Profit factor (PF) is the ratio of total winning dollars to total losing dollars over a sample:

Profit Factor = Sum(Gross Wins) / Sum(|Gross Losses|)

Interpretation bands practitioners use (always sample-dependent):

  • PF < 1.0: net losing; gross wins do not cover gross losses.
  • PF = 1.0: break-even before costs; any friction pushes you negative.
  • PF 1.25–1.5: modest edge; common for diversified systematic books.
  • PF > 2.0: strong on paper; verify sample size and regime stability.

Profit factor and expectancy measure the same underlying edge from different angles. PF ignores trade count scaling; expectancy scales directly with frequency. A low-frequency trend system might show PF 2.5 with E(R) 0.8; a high-frequency scalper might show PF 1.15 with E(R) 0.05 but hundreds of trades per month.
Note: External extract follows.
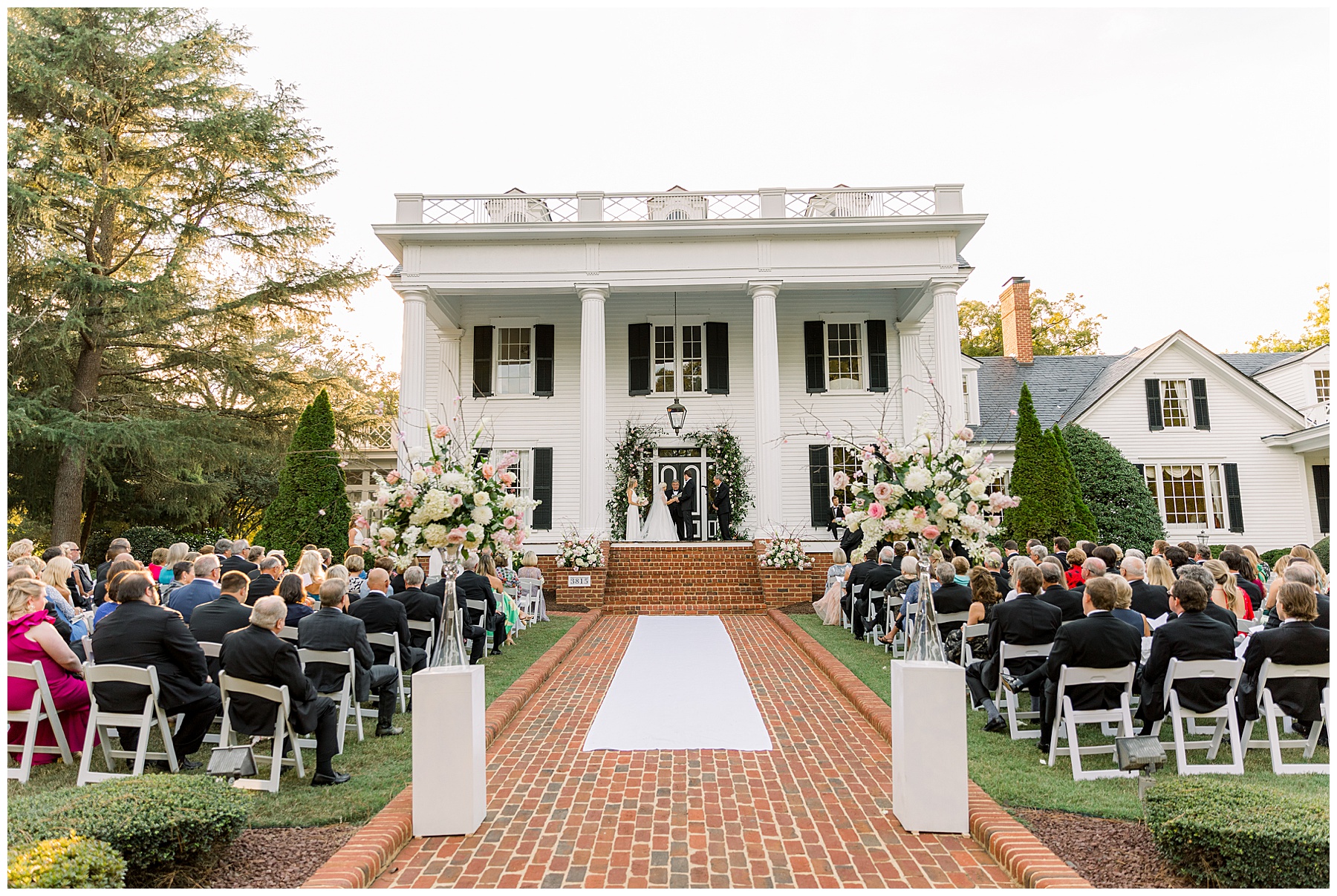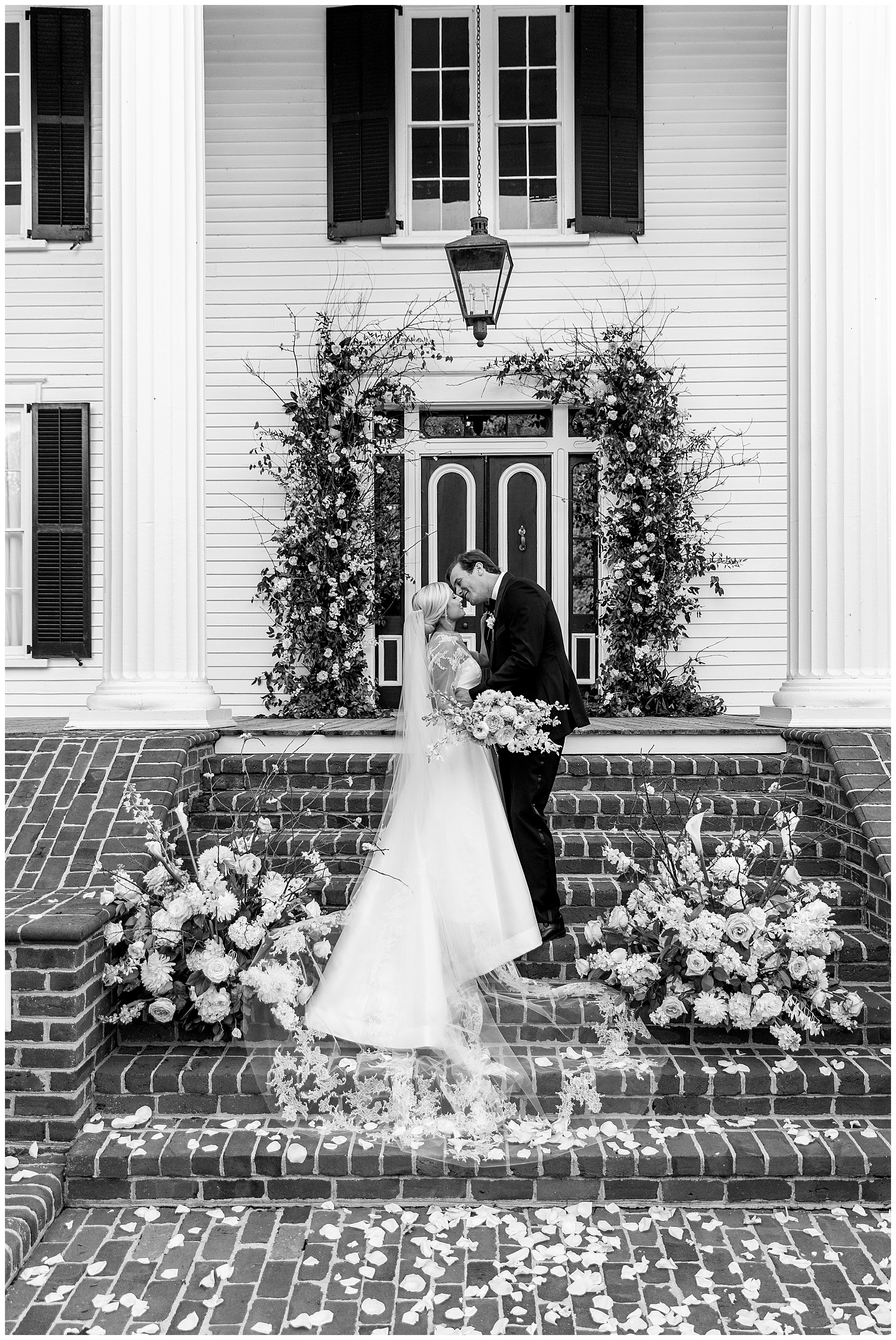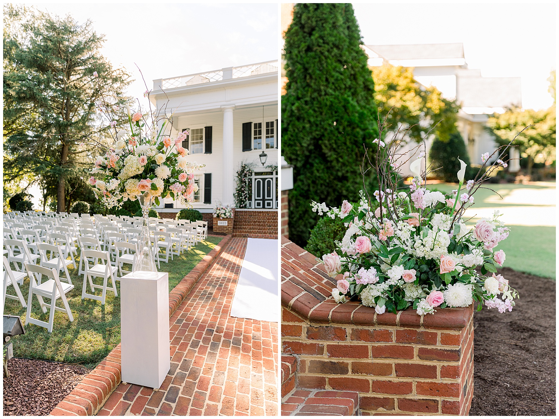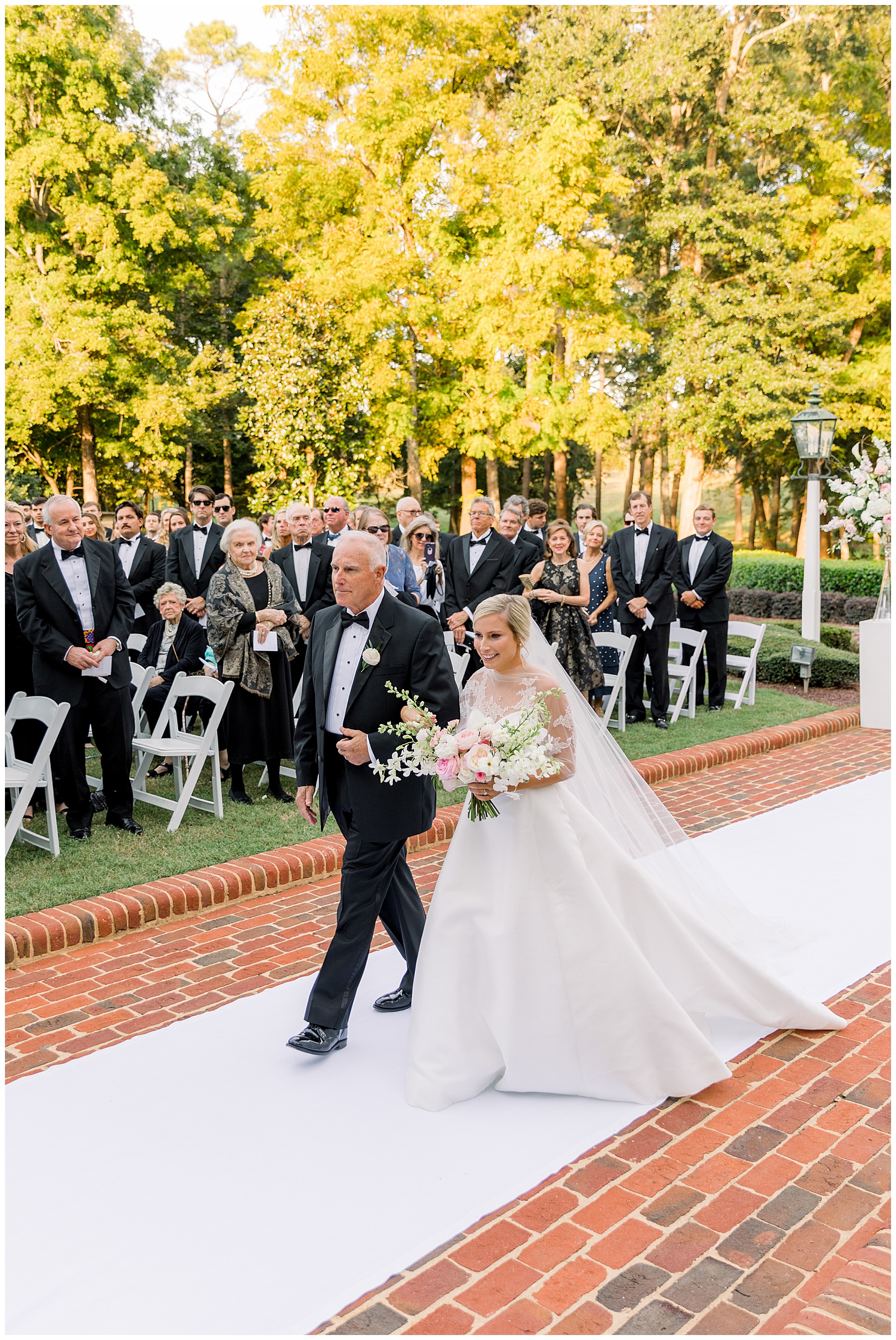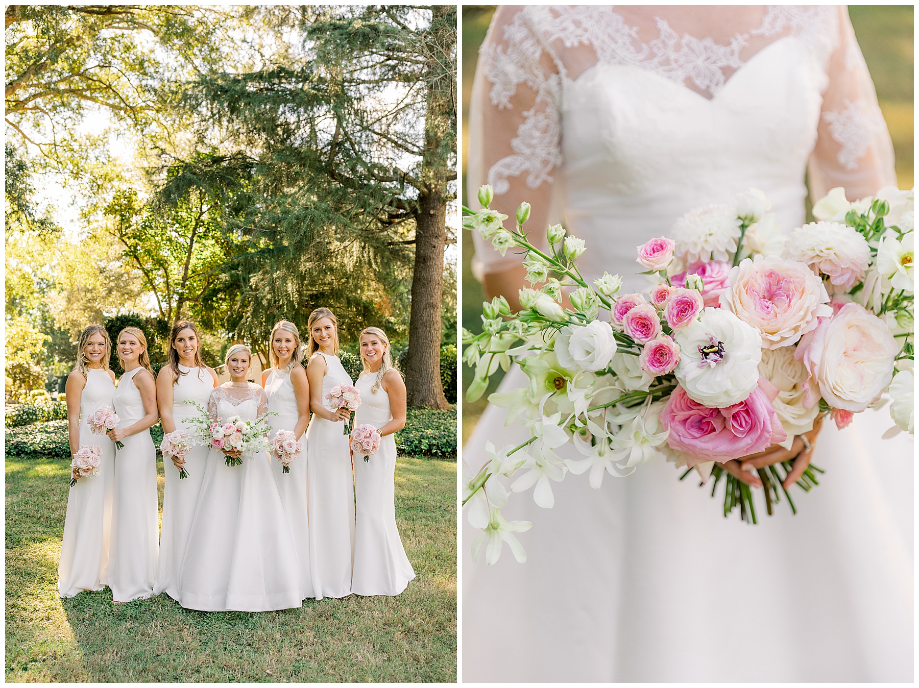 Their ceremony took place in front of the manor house – and the floral arch was so whimsical featuring some greenery from Olivia’s family home. I loved that unique touch making it personal. Their guests had perfect weather to enjoy sitting outside watching them become husband and wife. One of my favorite parts of the ceremony was the recessional – guests tossed petals as they recessed down the aisle, and it was such a romantic touch!

Payoff ratio and the win-rate matrix

The payoff ratio (reward-to-risk ratio, win/loss ratio) is:

Payoff Ratio = Average Win / Average Loss

Win rate alone is misleading. The break-even win rate for a given payoff ratio is:

Break-even Win% = 1 / (1 + Payoff Ratio)

Examples:

  • Payoff 1:1 (avg win equals avg loss) → need 50% wins to break even.
  • Payoff 2:1 → need only 33.3% wins.
  • Payoff 0.5:1 → need 66.7% wins — Harbor’s pre-refactor trap.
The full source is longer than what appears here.